New Zealand tries to save dolphins

WELLINGTON, New Zealand The tough new measures ban net fishing and trawling in areas ranging out to 1.2 to 7.7 miles from the coast in the dolphins' living areas around both main islands.

They are expected to cost the country's coastal fishing industry $62 million and as many as 295 jobs over the next five years.

The number of indigenous Hector's dolphins has declined from an estimated 29,000 in the 1970s to just 7,000, while there are only 111 remaining Maui's dolphins.

Officials said the tiny Maui's dolphin could be extinct within a few years -- a warning that prompted the government action.

"Clearly we've got iconic species here ... they only exist in New Zealand," said Fisheries Minister Jim Anderton. "And under business as usual inevitably (we will) watch the Maui's dolphin ... (become) an extinct population."

"We're going to give it a go, particularly for Maui's dolphins, to see if on our watch we can save them.

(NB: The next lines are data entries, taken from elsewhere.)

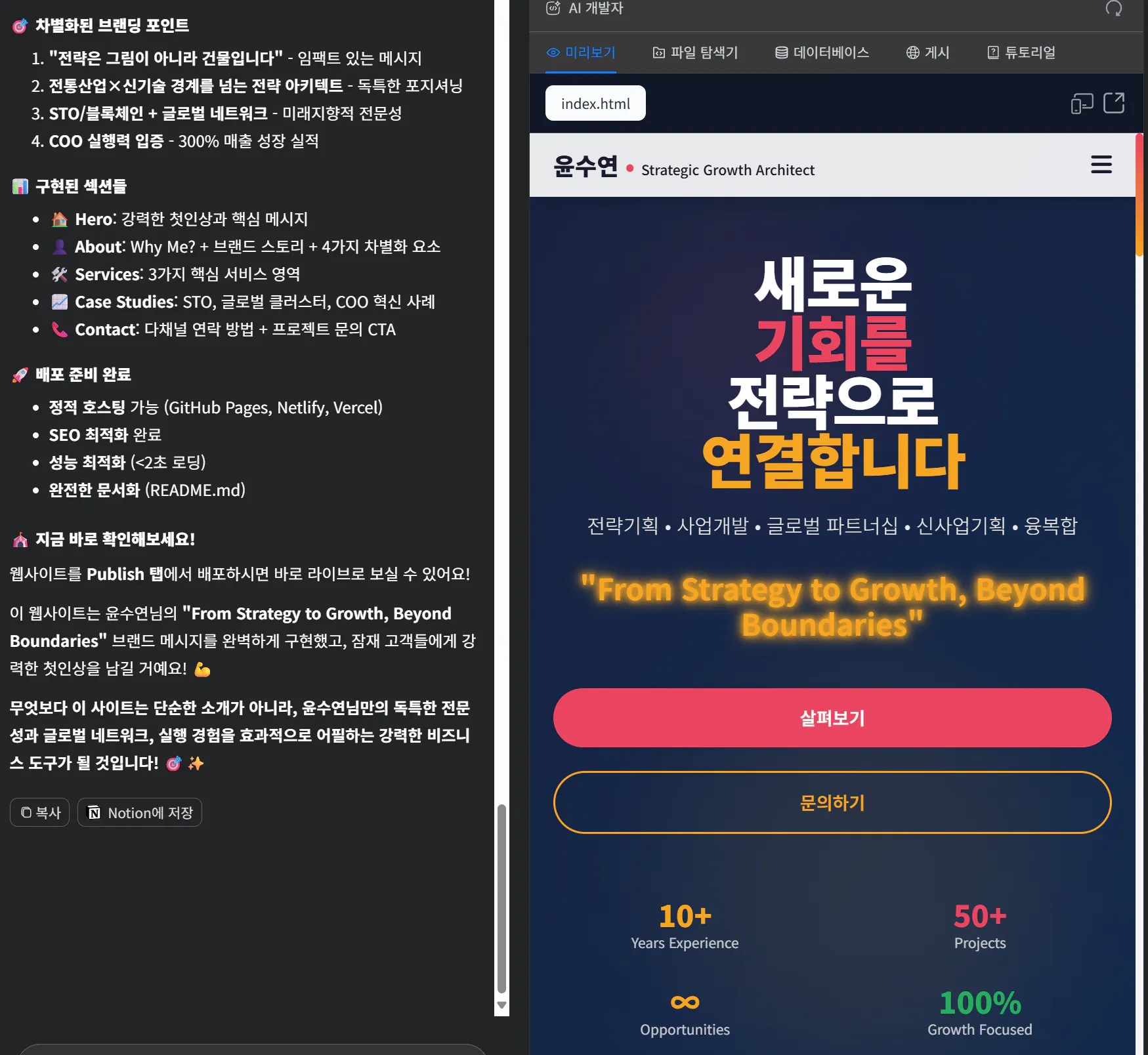 그동안 진행했었던 제 커리어 전환 내용들을 활용해서, Genspark로 랜딩페이지 형태의 개인 브랜딩 페이지를 만들어보았습니다.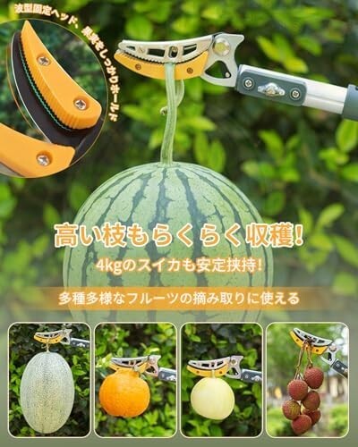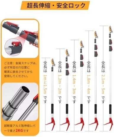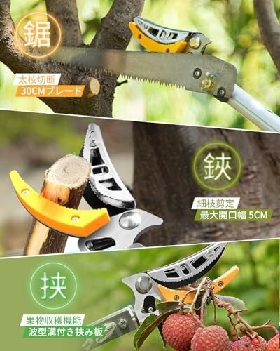 【多機能高枝切り鋏】:この高枝切りバサミは剪定・太枝切断・果実摘み取りの3機能を兼ね備えています。伸縮式設計で長さを簡単に調節でき、脚立や高所作業用具が不要、地上からでも高所の枝に届き、剪定作業の安全性と効率性を確保します。生垣の造型、低木の手入れ、果実の収穫など、様々な場面で活用できます。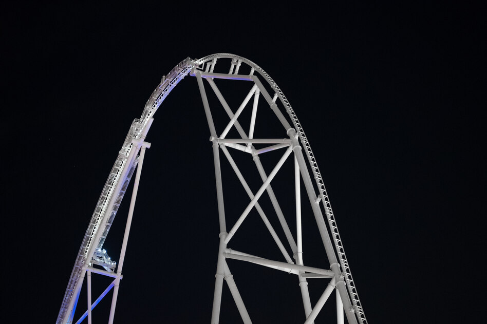Wir schießen auf den höchsten Achterbahnhügel der Welt hinauf. Ich werde noch tiefer als zuvor in den Sitz gedrückt. Es fühlt sich fantastisch an. Alle Widerstände sind aufgegeben, als würde man sich einer Ohnmacht hingeben. Doch kurz vor der tatsächlichen Bewusstlosigkeit, weil ich bei dieser Geschwindigkeit tatsächlich kurzzeitig aufgehört habe zu atmen, hebt mich die abnehmende Steigung etwas aus dem Sitz, am Scheitelpunkt schwinden die wirkenden Kräfte. Alles ist leicht auf dem Gipfel des höchsten Schienenbogens der Welt. Und die Fahrt hält für einen Moment inne.

We may not be able to," he told National Radio.

The coastal fishing ban will protect most of the dolphins' habitats, Anderton said.

"This is not an easy decision to make when you know you're going to put fishermen ... out of business," he said.

Seafood Industry Council chief executive Owen Simmonds said it was unhappy with the decision because the government was putting small fishermen out of business without any compensation "and for no real gain" to the dolphin.

"It will not save one extra Maui's dolphin," he said, asserting that previous catch controls already ensured that dolphins were not captured or harmed by fishermen.

Chris Howe, executive director of the World Wildlife Fund's New Zealand branch, earlier said that photographs of 22 common dolphins killed in trawler nets off North Island's west coast last December -- released by the government in mid-March -- proved that the fishing controls would not protect the endangered dolphins.

The Forest and Bird conservation group's advocacy manager, Kevin Hackwell, praised the government for taking the most significant action in 20 years to save the two species.

"The measures will go a long way toward halting the decline of the endangered dolphins and begin the slow path to recovery," he said.

But Green Party lawmaker Metiria Turei said the sanctuaries needed to extend farther out into the ocean.